*Activity:* An exact copy of every record, with no pictures, please.

Records from a data collection
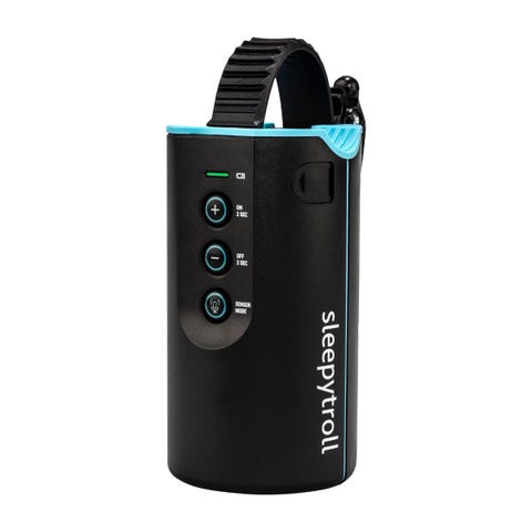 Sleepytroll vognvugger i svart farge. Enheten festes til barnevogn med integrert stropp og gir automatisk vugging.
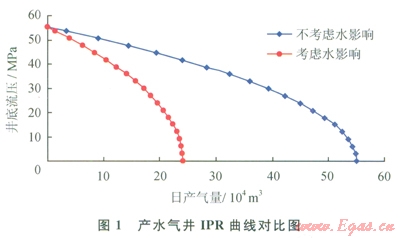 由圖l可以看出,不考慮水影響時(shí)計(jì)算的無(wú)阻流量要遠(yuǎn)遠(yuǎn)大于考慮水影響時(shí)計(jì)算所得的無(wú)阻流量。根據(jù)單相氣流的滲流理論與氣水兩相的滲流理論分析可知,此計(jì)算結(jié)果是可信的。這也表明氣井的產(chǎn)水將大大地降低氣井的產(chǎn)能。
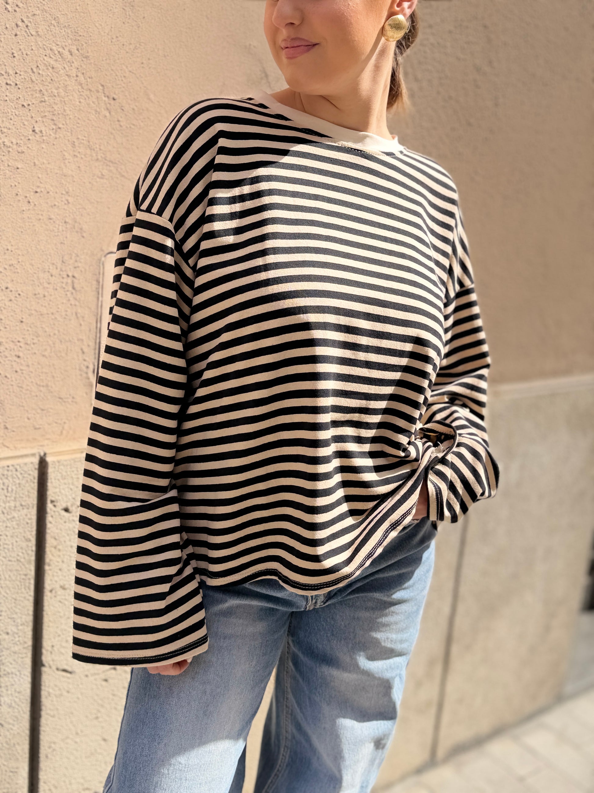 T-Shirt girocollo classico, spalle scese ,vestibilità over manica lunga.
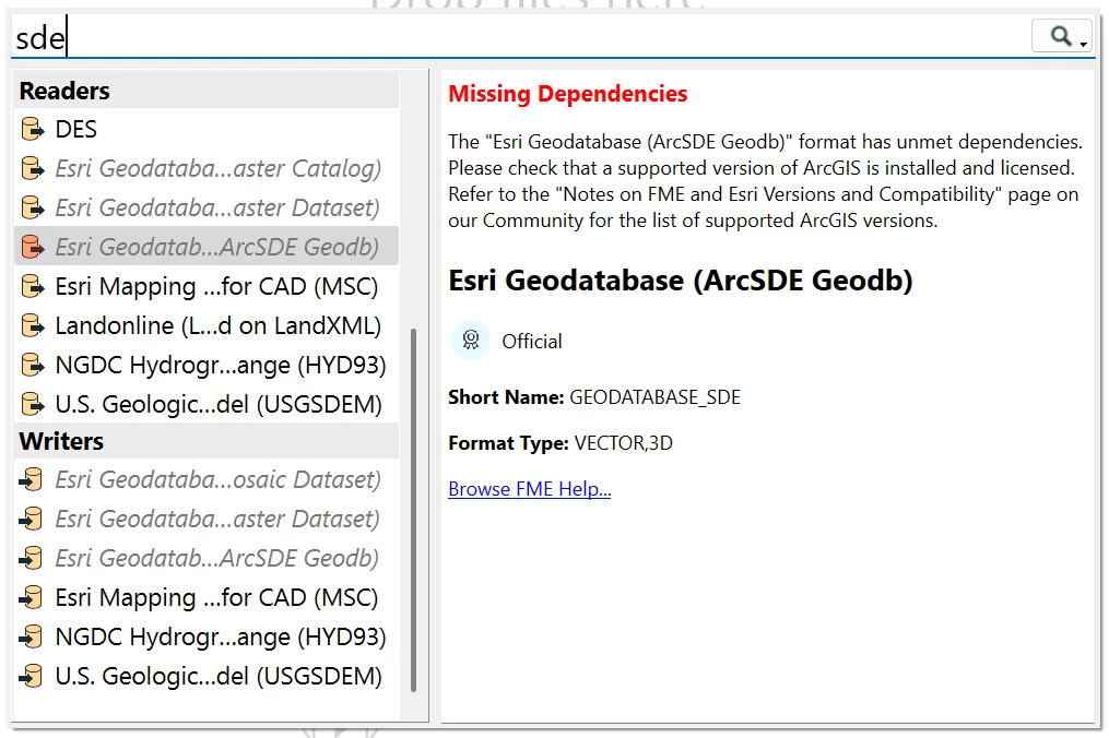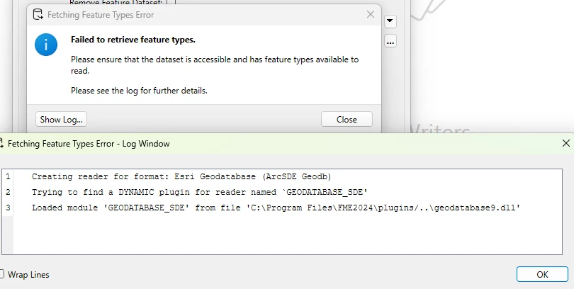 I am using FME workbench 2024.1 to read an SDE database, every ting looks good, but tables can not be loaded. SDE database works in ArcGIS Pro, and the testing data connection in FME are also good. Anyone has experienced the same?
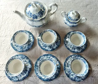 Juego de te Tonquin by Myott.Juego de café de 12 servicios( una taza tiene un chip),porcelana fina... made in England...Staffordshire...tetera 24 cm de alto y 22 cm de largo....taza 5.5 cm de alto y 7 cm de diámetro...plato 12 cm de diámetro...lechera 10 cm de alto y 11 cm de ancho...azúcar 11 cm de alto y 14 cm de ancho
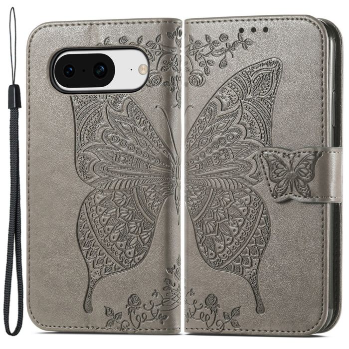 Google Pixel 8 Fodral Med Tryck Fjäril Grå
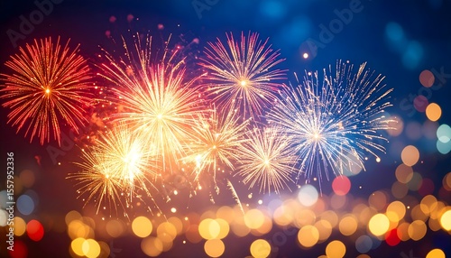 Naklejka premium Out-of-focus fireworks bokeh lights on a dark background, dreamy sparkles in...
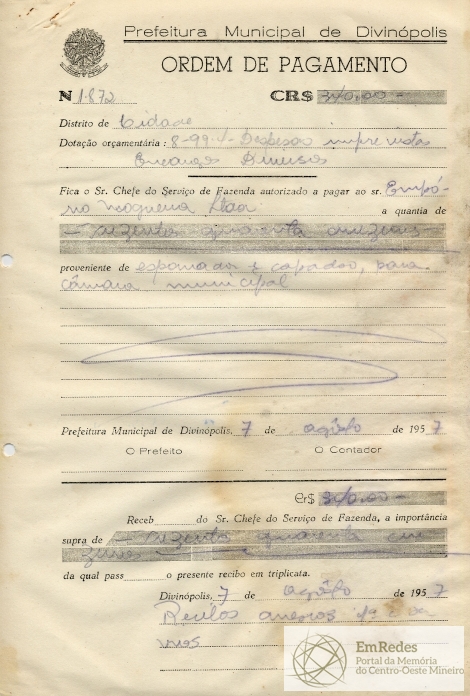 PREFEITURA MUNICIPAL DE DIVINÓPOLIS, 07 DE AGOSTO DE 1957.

*Answer box:*
 Sleepytroll vognvugger i svart farge. Enheten festes til barnevogn med integrert stropp og gir automatisk vugging.
 由圖l可以看出,不考慮水影響時(shí)計(jì)算的無(wú)阻流量要遠(yuǎn)遠(yuǎn)大于考慮水影響時(shí)計(jì)算所得的無(wú)阻流量。根據(jù)單相氣流的滲流理論與氣水兩相的滲流理論分析可知,此計(jì)算結(jié)果是可信的。這也表明氣井的產(chǎn)水將大大地降低氣井的產(chǎn)能。
 T-Shirt girocollo classico, spalle scese ,vestibilità over manica lunga.
 I am using FME workbench 2024.1 to read an SDE database, every ting looks good, but tables can not be loaded. SDE database works in ArcGIS Pro, and the testing data connection in FME are also good. Anyone has experienced the same?
 Juego de te Tonquin by Myott.Juego de café de 12 servicios( una taza tiene un chip),porcelana fina... made in England...Staffordshire...tetera 24 cm de alto y 22 cm de largo....taza 5.5 cm de alto y 7 cm de diámetro...plato 12 cm de diámetro...lechera 10 cm de alto y 11 cm de ancho...azúcar 11 cm de alto y 14 cm de ancho
 Google Pixel 8 Fodral Med Tryck Fjäril Grå
 Naklejka premium Out-of-focus fireworks bokeh lights on a dark background, dreamy sparkles in...
 PREFEITURA MUNICIPAL DE DIVINÓPOLIS, 07 DE AGOSTO DE 1957.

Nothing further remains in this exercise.